Başbuğ’u uğurlarken...

Başbuğ’u uğurlarken...

TSK’da görev devir-teslim törenleri tamamlandı. Son olarak Org. İlker Başbuğ, görevini halefi Org. Işık Koşaner’e teslim etti. Başbuğ, görevi devrederken uzun bir konuşma yaptı.
Ordunun en üst komutanının görevini tamamlarken yapacağı değerlendirme, elbette önem arz eder. Bu açıdan Başbuğ’un veda konuşmasında, dünyanın yüz yüze geldiği yeni siber savaş tehlikesinden bahsetmesi gayet yerinde ve kariyerine de uygun düşen bir yaklaşımdır. Özellikle iletişim teknolojisindeki gelişmeler ve sanal ortamda silahlı kuvvetlerle devletin diğer kurumlarına yönelebilecek saldırılara dikkat çekmesi, bu noktada Amerika’daki 11 Eylül saldırılarına gönderme yaparak değerlendirmelerde bulunması, keza alanda yapılması gereken çalışmalara dair hatırlatmalarda bulunması gayet makul ve beklenen bir tavırdır.

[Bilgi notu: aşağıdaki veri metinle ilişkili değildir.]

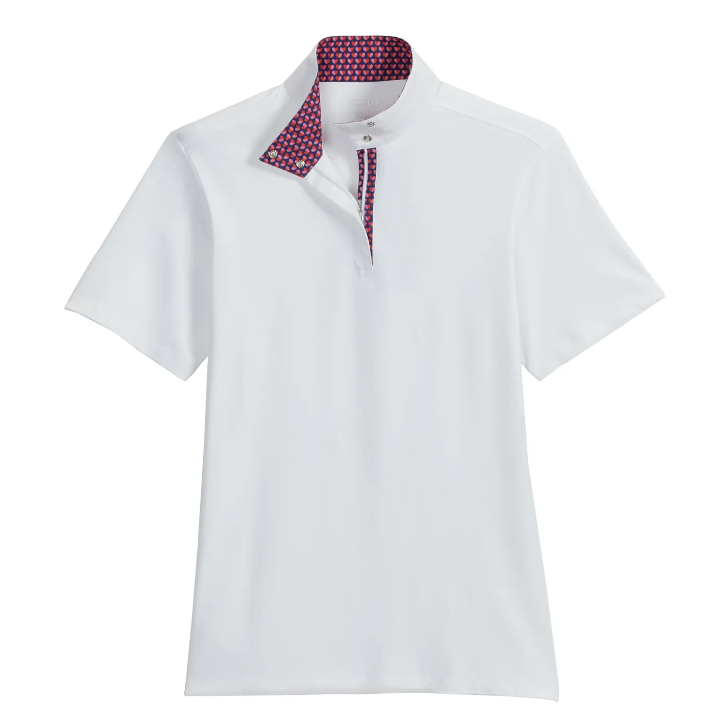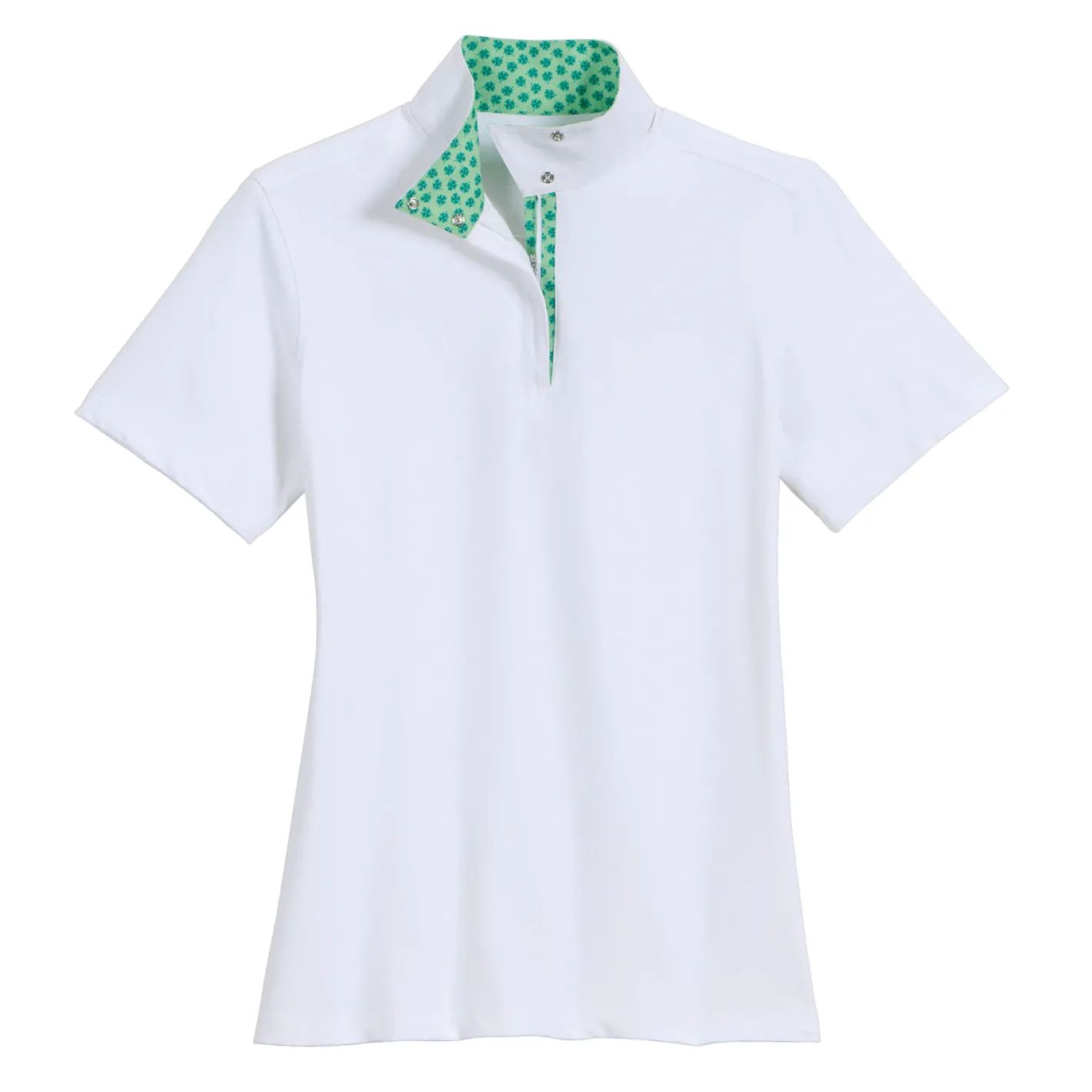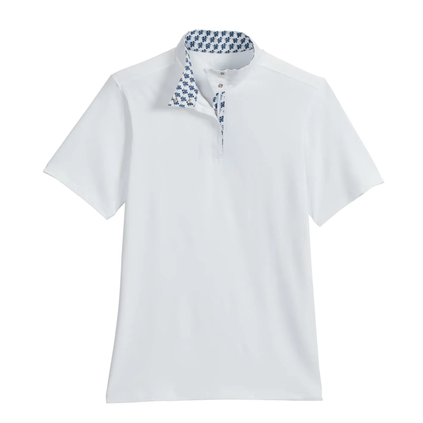 - Patterned trim inside the snap collar and placket.
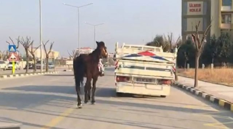 Manisa'nın Yunusemre ilçesinde bazı kişi ya da kişilerce bir kamyonetin arkasına bağlanarak kilometrelerce koşturulan atı gören vatandaşlar tepki gösterdi. Akıllara durgunluk veren olay bir araç sürücüsü tarafından saniye saniye kaydedildi. Manisa'da bir süre önce şehir içerisinde çukura düşüp ölen at ile sarsılan hayvanseverler, bu kez bir kamyonetin arkasına bağlanarak şehir merkezinde koşturulan at için tepki gösterdi. Yunusemre ilçesi Güzelyurt Mahallesi'nde bir atın kamyonetin arkasına bağlanarak kilometrelerce koşturulmasına şahit olan vatandaşlar şehir içerisinde gerekli denetimlerin artırılmasını ve hayvanlara karşı işlenen bu tür suçların cezasız kalmamasını istedi. Duyarlı bir hayvansever tarafından araç içerisinde videoya alınan o anlar hayvana yapılan eziyeti tüm çıplaklığıyla gözler önüne serdi.

Diğer taraftan Başbuğ’un sivil-asker ilişkilerine değinmesi de, bu görev çerçevesinde anlaşılır bir durumdur. Eski tabirle sabık genelkurmay başkanı, bu ilişkilerde elbette sivil liderlerin güç ve otoritesine sahip olduğunu ifade ettikten sonra, şöyle dedi: “Ancak sivil otoritenin askerî konulara müdahalesinde tespit edilmiş katı prensiplerden ziyade sağduyulu davranışlar öne çıkmalıdır...” Bu değerlendirmeyi farklı şekilde irdelemek mümkün. Ancak bunu ilerideki bir yazıya bırakarak bir hususa işaret edelim: 28 Şubat Dönemi sonrasında, Mesut Yılmaz’ın başbakan olduğu sırada, Genelkurmay’ın “Silahlı Kuvvetlerin kimseden görev almaya ihtiyacı yoktur...” gibisinden iyice kural dışına çıktığı bir havadan, bugün Sayın Başbuğ’un tanımladığı noktaya gelmiş olması çok önemlidir. Ama bu her şeyin sütliman olduğunu göstermez!..
İlker Başbuğ, daha önce de ifade ettiği üzere, “TSK Cumhuriyetin temel niteliklerinden biri olan demokrasiye bağlıdır ve saygılıdır...” diyor. Dahası, “Demokrasi karşıtı kişiler TSK içinde barınamaz...” da demişti. Ancak pratikte bu söylemleri nakzeden pek çok vak’a ve gerçekle karşılaşıldığı için, burada hâlâ tereddütler hüküm sürüyor...
Ergenekon yapılanması, irtica ile mücadele andıçları, ıslak imzalar vs. vs...
İki gün sonra resmen “sivil” olacak olan Org. Başbuğ, kendisi de ifade ettiği üzere zor bir dönemde görev yaptı. Bu zor dönemde başarılı ve başarısız olduğu zamanlar oldu. Ancak tabya ilminin köklü kuralıdır: “KOMUTAN SADECE YAPTIKLARINDAN DEĞİL, YAPAMADIKLARINDAN DA SORUMLUDUR...” Başbuğ kimi zaman anlaşılamaz tutumlarla, bizzat başarı grafiğini düşürdü. Bazen gereksiz yere ve ölçüyü aşar derecede sert çıkışlar yaparak tepki topladı. Böylelikle ulaşmak istediği hedefi de ıskaladı. Üstüne üstlük gelen tepkilerden ordunun imajı da zarar gördü. Veda konuşmasında bile, tekrar değinme ihtiyacı hissettiği “ISLAK İMZA” olayı, LAW silahını “BORU” diye tarif ederek yeni tartışma ve eleştirilere zemin hazırlaması, hukuki soruşturmaya konu olmuş personelini koruma ve kollama adına; hukuk ilkelerini zedeler tarzda, yargıya etki edecek söz ve davranışlarda bulunması vb. icraatla, hem kendi kariyerini gölgeledi, hem de TSK’yı daha çok tartışmaların içine çekti. Oysa var olduğu söylenen psikolojik savaşa karşı farklı bir strateji ve yöntem mümkündü. Başbuğ’un, son Şûrada da, süreci pek iyi yönettiği söylenemez... Neyse o artık emekli.
Sayın Başbuğ’a bundan sonraki hayatında esenlikler dilerim.